Please copy each line of the listing below precisely, excluding the images.

RECORDED INFORMATION:

>>>>

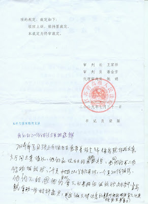 诉江苏省公安厅法医中心违法而遭江苏省两级法院裁定驳回起诉的农民杨芝祥,于2011年7月1日上午接到最高法院立案庭电话通知,称其申诉再审的案件最高法院已决定立案。7月4日,杨芝祥在妻子的搀扶下来到了北京最高法院,结果一男一女两个没有最高法院工号牌的、且形迹可疑的便衣贼头鬼脑交给杨芝祥一份与《案件受理通知书》截然相反的《驳回再审申请通知书》后撒腿就跑。
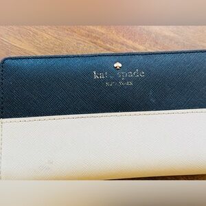 Elegant clutch with a sleek black top and cream base. Features gold logo detail.
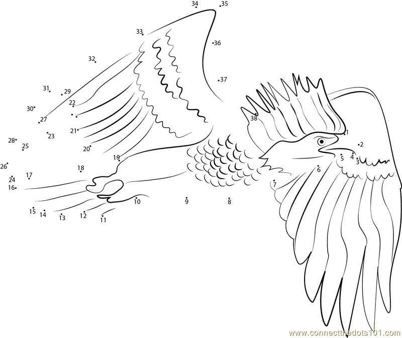 Bald Eagle Spiked Hair Color Dot to Dot Worksheet

<<<<

SOLUTION FOR THIS PROBLEM:
 诉江苏省公安厅法医中心违法而遭江苏省两级法院裁定驳回起诉的农民杨芝祥,于2011年7月1日上午接到最高法院立案庭电话通知,称其申诉再审的案件最高法院已决定立案。7月4日,杨芝祥在妻子的搀扶下来到了北京最高法院,结果一男一女两个没有最高法院工号牌的、且形迹可疑的便衣贼头鬼脑交给杨芝祥一份与《案件受理通知书》截然相反的《驳回再审申请通知书》后撒腿就跑。
 Elegant clutch with a sleek black top and cream base. Features gold logo detail.
 Bald Eagle Spiked Hair Color Dot to Dot Worksheet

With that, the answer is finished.